Within two hours the liquid will turn solid, like ice. You now have 99.5 percent DMSO, the purest and highest concentration made. Leaving the bottle cap on will prevent hydrolyzation (decomposition) so that the liquid will freeze at 68°F or less.
If, when the frozen bottle is turned upside down, little rivulets of water flow through the ice, you probably possess the veterinary grade DMSO. This is a 90 percent concentration. Ten percent is distilled water.
If the DMSO doesn’t freeze while standing in the refrigerator, put it into the freezer compartment. If it does not turn solid even after standing at below 32°F, it probably indicates a 50 percent mix of DMSO and water. If it does turn solid in the freezer, this liquid is not DMSO, or is almost all water with just a small bit of the solvent mixed in. Fifty percent DMSO is an antifreeze; it will work well in automobiles for winter driving.
To reliquify DMSO that has turned to a block of ice in the bottle, merely put it into a pan of warm water. In pure form, the life of the solvent is indefinite. DMSO may be used for years.
Many other physical properties of DMSO could be discussed, but those given here provide enough of a representative sampling, since this is not a text exclusively on the chemical and physical characteristics of the solvent. Almost all the known chemical and physical properties of DMSO are found in Crown Zellerbach’s Dimethyl Sulfoxide Technical Bulletin.
The crystalline structure of this solvent indicates the presence of a weak hydrogen bond that contributes to the molecular forces in DMSO. In liquid state DMSO seems to assume a chainlike structure held together by the alignment of the two sulfur-oxygen poles. 6, 7 This structure is believed to suffer a partial breakdown between 40°C and 60°C since certain properties of the liquid, such as the refractive index, density, and viscosity, exhibit distinct changes in their temperature coefficients in this temperature range.
Chemists find that DMSO’s ability to associate with molecules that have a thick layer of hydrogen ions and with neutral molecules as well as ionic species is a fascinating property. It makes DMSO an excellent solvent and penetrant through organic and some inorganic material.

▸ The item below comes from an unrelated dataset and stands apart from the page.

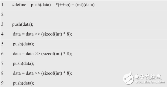 如果data的长度大于sizeof(int),则需要将数据拆分后多次入栈,入栈的顺序可以先低位后高位,也可以反过来。如果入栈的顺序为先低位后高位,其示例详见程序清单 2.27。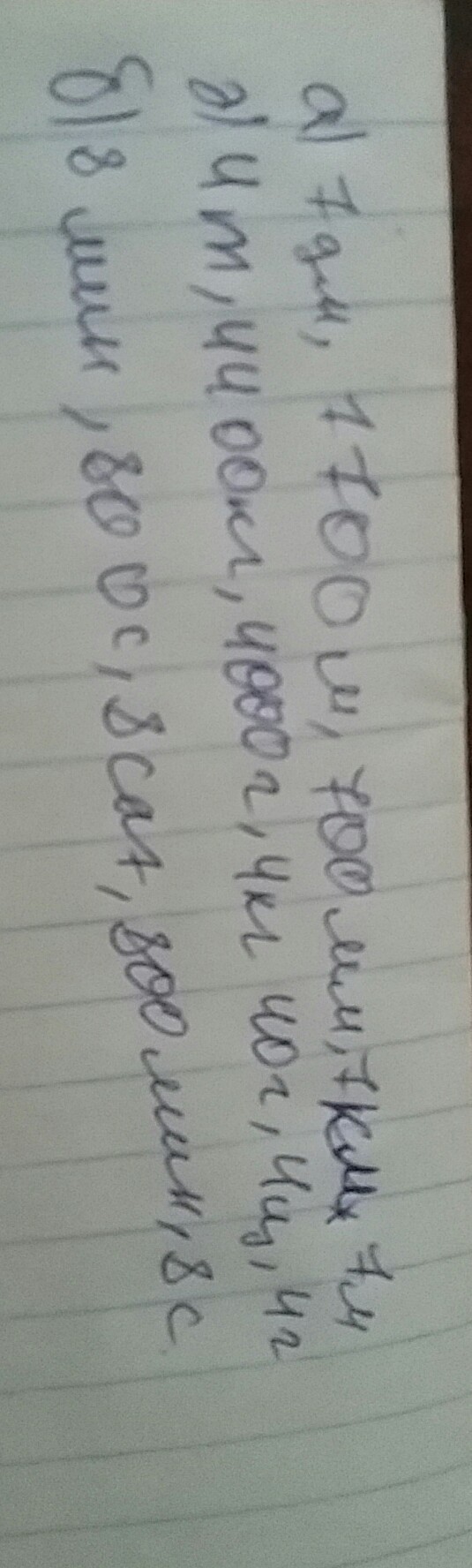 б)4г,40г,4000г,4кг,4ц,4т,44000кг.

Interactions between DMSO and other substances increase in proportion to the polarizability of the substance. Solubility of the substance into DMSO is promoted not only by this type of molecular interaction but is also favored by the degree to which the energy of a system or substance is available for work. The greater the packing of spherical molecules in the “free volume” of liquid DMSO, the better solubility of cyclic unsaturated hydrocarbons as compared to that of noncyclic saturated hydrocarbons. The solubility of a substance increases with the decrease in the electronegativity of the atoms that constitute the substance with which the solvent is mixing.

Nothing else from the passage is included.